Executive Compensation and Related Information
Under the RSU and PRSU award agreements, a change in control will not be deemed to occur, for purposes of the treatment described in the award agreement in connection with a change in control, if TD Bank Financial Group acquires the Company’s outstanding shares of common stock or substantially all of the Company’s assets.
Under the PRSU award agreements, “retirement” generally means a termination by the Company of the executive’s employment with the Company other than for cause, death or disability after the executive has attained at least age 55 and at least ten years of continuous service with the Company. With respect to Mr. Hockey, if Mr. Hockey has served as CEO for at least five years, then the term “Retirement” under his PRSUs will have the same meaning as under his employment agreement.
Under the RSU award agreements (other than for Mr. Hockey), “retirement” generally means a termination by the Company of the executive’s employment with the Company other than for cause after the executive has attained age 55 and at least ten years of continuous service with the Company.

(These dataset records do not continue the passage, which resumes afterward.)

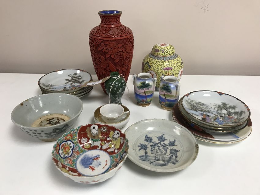 An interesting collection of antique and later Chinese and Japanese ceramics to include Chinese ginger jar, cinnabar vase, antique Chinese stone ware bowl and saucer, Imari dish etc. (q)
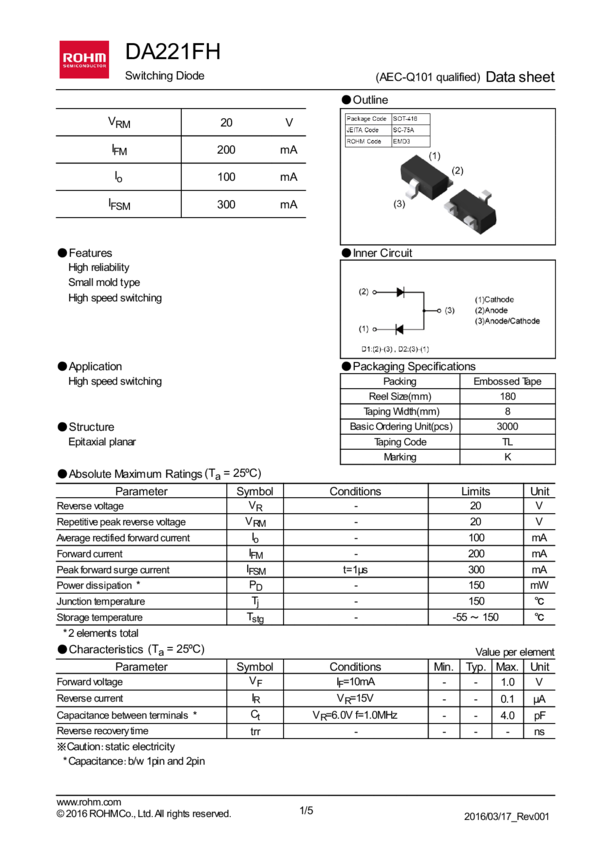 DA221FHTL Diode Switching Diode 20V 0.1A 3-Pin EMD T/R
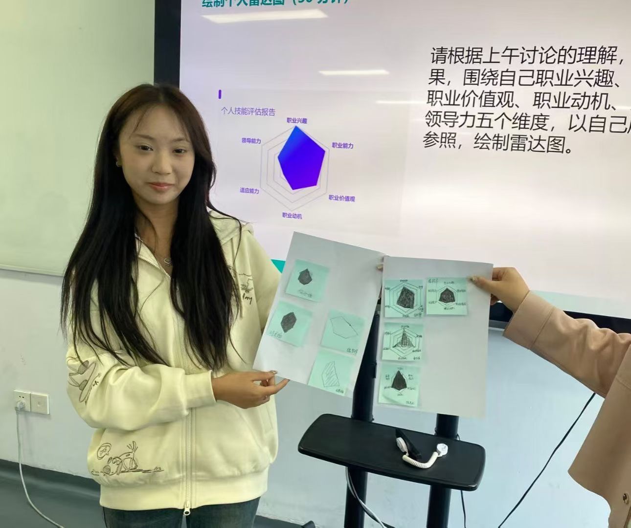 活动中,新生的成长与转变清晰可见:在“通识个人护照”环节绘制能力雷达图时,大家会主动对照专业要求,梳理自身的优势与不足;而在个人事业画像环节,新生们结合自身的兴趣、特长和职业理想,绘制出属于自己的事业蓝图;并在关键行动清单中将梦想转化为具体的行动步骤。
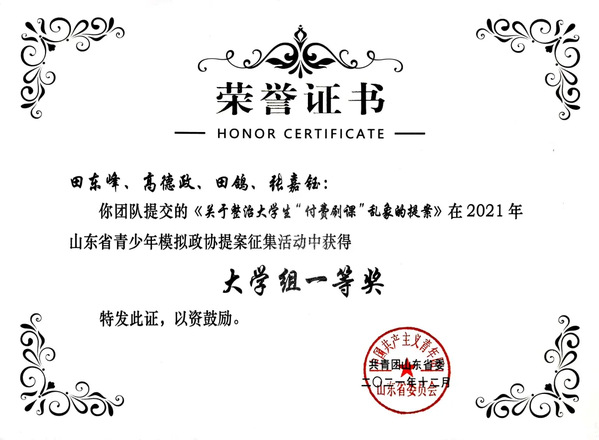 田东峰带领团队高德政、田鸽、张嘉钰聚焦“刷课现象”,对大学生“付费刷课”问题进行深入调研并提出建议。团队撰写并提交的《关于整治大学生“付费刷课”乱象的建议》获得山东省青少年模拟政协提案征集活动大学组一等奖,同时获得“民声连线·青年建议上两会”评选点赞活动山东省第三名,被收入2022年《民声连线听民声》集册,并作为省政协十二届五次会议材料交与参会委员。

Under the RSU and PRSU award agreements (other than with respect to Mr. Hockey’s awards), “cause” generally means:
• | | failure to substantially perform the executive’s duties as an employee, other than due to illness, injury or disability; |
• | | willfully engaging in conduct which is materially injurious to the Company; |
• | | misconduct involving serious moral turpitude, or any conviction of, or plea of no contest to, a criminal offense arising out of a breach of trust, embezzlement or fraud committed against the Company by the executive in the course of his employment with the Company; |
• | | any violation of thenon-solicitation ornon-competition covenants under the award agreement; or |
• | | any other action that might be considered gross misconduct under the Company’s applicable associate handbook. |
Under Mr. Hockey’s RSU, PRSU and option award agreements, “cause” and “good reason” generally have the same meaning as provided in Mr. Hockey’s employment agreement.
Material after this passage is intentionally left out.